-- Exercise prompt --
The answer should consist of each line below that contains the word "Star".

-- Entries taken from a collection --
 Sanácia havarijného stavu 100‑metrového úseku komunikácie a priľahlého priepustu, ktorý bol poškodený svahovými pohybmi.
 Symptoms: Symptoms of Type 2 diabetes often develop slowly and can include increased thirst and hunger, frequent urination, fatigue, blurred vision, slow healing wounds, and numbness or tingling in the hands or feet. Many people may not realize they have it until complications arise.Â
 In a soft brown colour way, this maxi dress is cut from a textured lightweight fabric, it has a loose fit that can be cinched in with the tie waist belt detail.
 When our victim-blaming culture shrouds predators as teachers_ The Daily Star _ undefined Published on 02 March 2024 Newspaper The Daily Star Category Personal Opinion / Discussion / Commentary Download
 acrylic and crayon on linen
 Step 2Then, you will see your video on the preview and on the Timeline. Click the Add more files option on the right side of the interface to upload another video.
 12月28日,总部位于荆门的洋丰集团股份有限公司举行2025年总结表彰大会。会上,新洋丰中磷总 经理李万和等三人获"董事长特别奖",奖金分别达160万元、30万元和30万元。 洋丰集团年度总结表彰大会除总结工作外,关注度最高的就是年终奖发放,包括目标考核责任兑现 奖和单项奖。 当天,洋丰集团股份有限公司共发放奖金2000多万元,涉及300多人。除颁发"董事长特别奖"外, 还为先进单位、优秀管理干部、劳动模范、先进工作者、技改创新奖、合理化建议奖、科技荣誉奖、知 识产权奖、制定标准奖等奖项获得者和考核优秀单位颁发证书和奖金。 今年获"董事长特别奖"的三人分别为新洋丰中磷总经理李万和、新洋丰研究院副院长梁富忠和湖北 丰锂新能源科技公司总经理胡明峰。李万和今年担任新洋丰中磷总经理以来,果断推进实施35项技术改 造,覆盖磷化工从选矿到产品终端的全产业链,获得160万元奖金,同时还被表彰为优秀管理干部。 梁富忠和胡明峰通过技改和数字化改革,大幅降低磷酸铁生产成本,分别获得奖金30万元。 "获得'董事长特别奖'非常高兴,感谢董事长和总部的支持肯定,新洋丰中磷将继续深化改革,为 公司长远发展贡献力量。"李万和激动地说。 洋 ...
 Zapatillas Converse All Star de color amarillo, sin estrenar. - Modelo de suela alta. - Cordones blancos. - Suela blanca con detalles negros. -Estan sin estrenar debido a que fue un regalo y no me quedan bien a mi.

-- Task output --
 When our victim-blaming culture shrouds predators as teachers_ The Daily Star _ undefined Published on 02 March 2024 Newspaper The Daily Star Category Personal Opinion / Discussion / Commentary Download
 Zapatillas Converse All Star de color amarillo, sin estrenar. - Modelo de suela alta. - Cordones blancos. - Suela blanca con detalles negros. -Estan sin estrenar debido a que fue un regalo y no me quedan bien a mi.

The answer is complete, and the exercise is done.